Token budgets matter. Provide focused prompts, reduce diff length, and avoid large-file bloat by summarizing intent in advance. But “focused” doesn’t mean “minimal”—it means “relevant and complete.”

Let me show you the false economy of starved prompts:

Starved Prompt Attempt:

"Add caching to the user endpoint"  

Claude’s Response: Implements caching… but:

  • Uses in-memory cache (won’t work with multiple servers)
  • No cache invalidation strategy
  • No metrics or monitoring
  • No consideration of cache stampede

Result: 3 more rounds of fixes, 4x the tokens spent.

Proper Context-Rich Prompt:

Add Redis caching to the GET /users/{id} endpoint.  

Context:  
- This endpoint serves 50k requests/minute  
- We run 12 API servers behind a load balancer  
- User data changes infrequently (few times per day)  
- We already have Redis at cache.redis.internal:6379  
- Use our standard cache key pattern: "user:v1:{id}"  
- Include cache hit/miss metrics (we use Prometheus)  
- Implement cache-aside pattern with 1 hour TTL  
- Handle cache stampede with probabilistic early expiration  

See our caching guide: docs/patterns/caching.md  

The lesson? Front-load context to avoid iteration cycles. Think of tokens like investing in good tools—the upfront cost pays for itself many times over.

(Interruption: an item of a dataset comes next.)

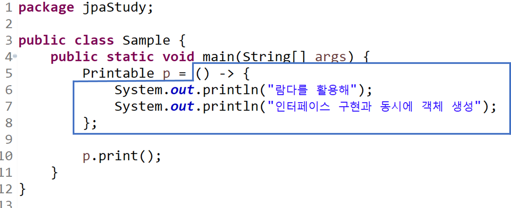 그래서 번거롭게 Printable 인터페이스를 구현한 Printer 클래스를 선언하고 그러면서 Printer 클래스 안에 print 메서드를 정의하고 또~ Printer 클래스의 인스턴스를 생성한 후 printerPerson 메서드를 호출하는 과정이 아니라 간단하게 람다식을 사용해서 printerPerson 메서드를 호출하면서 print 메서드를 구현해 print 메서드를 매개변수로 전달하는 것
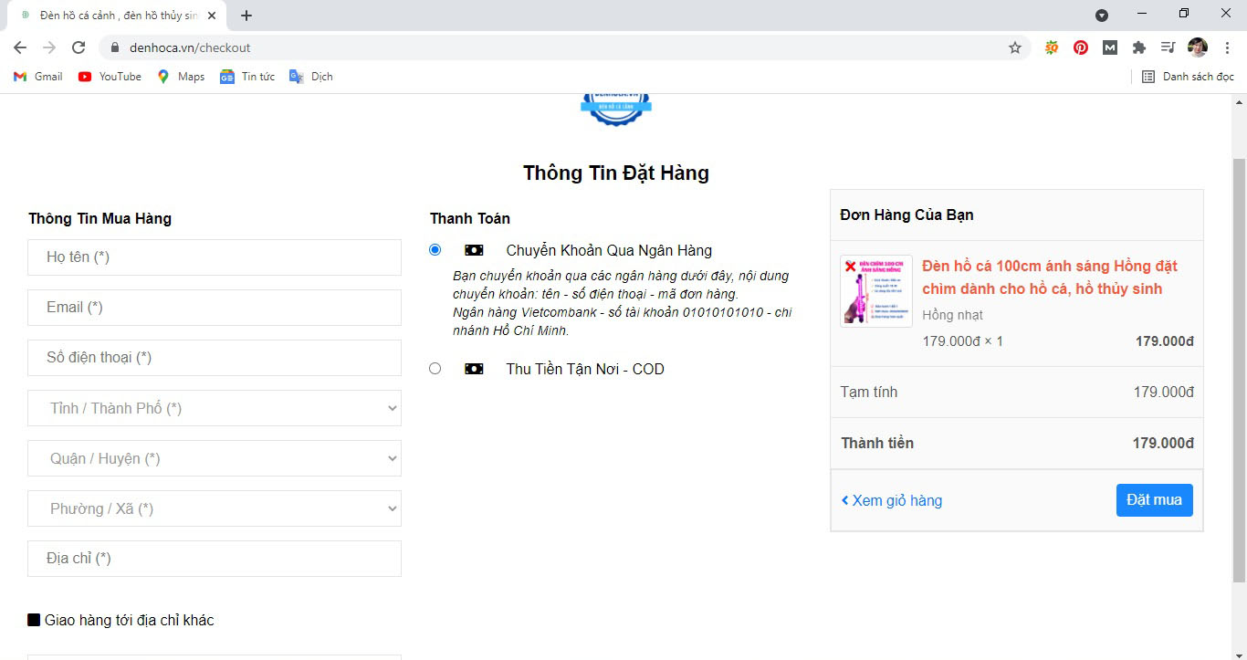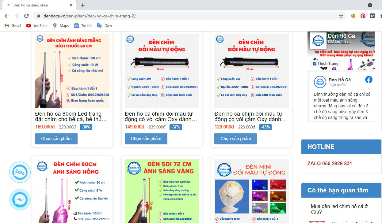 Trang website Đèn Hồ Cá có giao diện rõ ràng, thông tin đầy đủ. Bạn có thể đặt hàng trực tiếp trên Web hoặc liên hệ Zalo 0562929831 hay trang Fanpage https://www.facebook.com/denhoca/.

In fact, I recommend that all projects should routinely ask Claude to look through the codebase changes, and add context to CLAUDE.md

Fresh Sessions and Mental Models

Here’s another counterintuitive practice: use fresh Claude sessions for distinct tasks. It’s tempting to keep one long-running conversation, but this leads to context pollution.

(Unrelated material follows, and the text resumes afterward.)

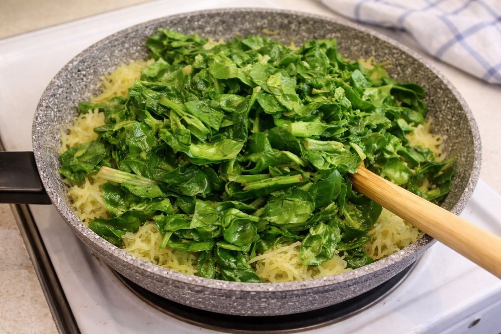 Нарежете спанака. Добавете половината към картофите, разбъркайте, след което сложете и останалия спанак, солта и пипера. Гответе около 4 минути.

Think of it like this: you wouldn’t use the same cutting board for vegetables after cutting raw chicken. Similarly, don’t use the same Claude session for database migrations after discussing frontend styling. The context bleeds through in subtle ways.

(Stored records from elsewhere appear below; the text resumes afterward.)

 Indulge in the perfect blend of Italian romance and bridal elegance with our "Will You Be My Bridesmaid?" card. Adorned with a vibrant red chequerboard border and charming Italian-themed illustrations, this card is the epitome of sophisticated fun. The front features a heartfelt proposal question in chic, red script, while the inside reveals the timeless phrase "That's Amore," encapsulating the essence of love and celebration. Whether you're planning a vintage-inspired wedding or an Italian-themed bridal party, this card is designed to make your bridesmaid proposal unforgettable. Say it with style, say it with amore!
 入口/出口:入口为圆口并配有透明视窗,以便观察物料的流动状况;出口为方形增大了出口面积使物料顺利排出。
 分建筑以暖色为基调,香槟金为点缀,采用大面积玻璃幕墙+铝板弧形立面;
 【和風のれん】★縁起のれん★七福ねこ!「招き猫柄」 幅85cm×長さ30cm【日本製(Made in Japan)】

Our rule: One task, one session. When the task is done, start fresh. This keeps Claude’s “mental model” clean and focused.

Case Study: Shipping Structured Errors in Production

Let me walk you through a real refactoring we did at Julep that showcases production-scale vibe-coding. We needed to replace our ad-hoc error handling with a structured error hierarchy across 500+ endpoints.

The Human Decisions (The Why):

First, we had to decide on our error taxonomy. This is pure architectural work—Claude can’t make these decisions because they involve understanding our business, our users, and our operational needs:

# SPEC.md - Error Hierarchy Design (Human-Written)  

## Error Philosophy  
- Client errors (4xx) must include actionable feedback  
- System errors (5xx) must include trace IDs for debugging  
- All errors must be JSON-serializable  
- Error codes must be stable (clients depend on them)  

## Hierarchy  
BaseError  
├── ClientError (4xx)  
│   ├── ValidationError  
│   │   ├── SchemaValidationError - Request doesn't match schema  
│   │   ├── BusinessRuleError - Valid schema, invalid business logic  
│   │   └── RateLimitError - Too many requests  
│   └── AuthError  
│       ├── AuthenticationError - Who are you?  
│       └── AuthorizationError - You can't do that  
└── SystemError (5xx)  
    ├── DatabaseError - Connection, timeout, deadlock  
    ├── ExternalServiceError - APIs, webhooks failing  
    └── InfrastructureError - Disk full, OOM, etc.  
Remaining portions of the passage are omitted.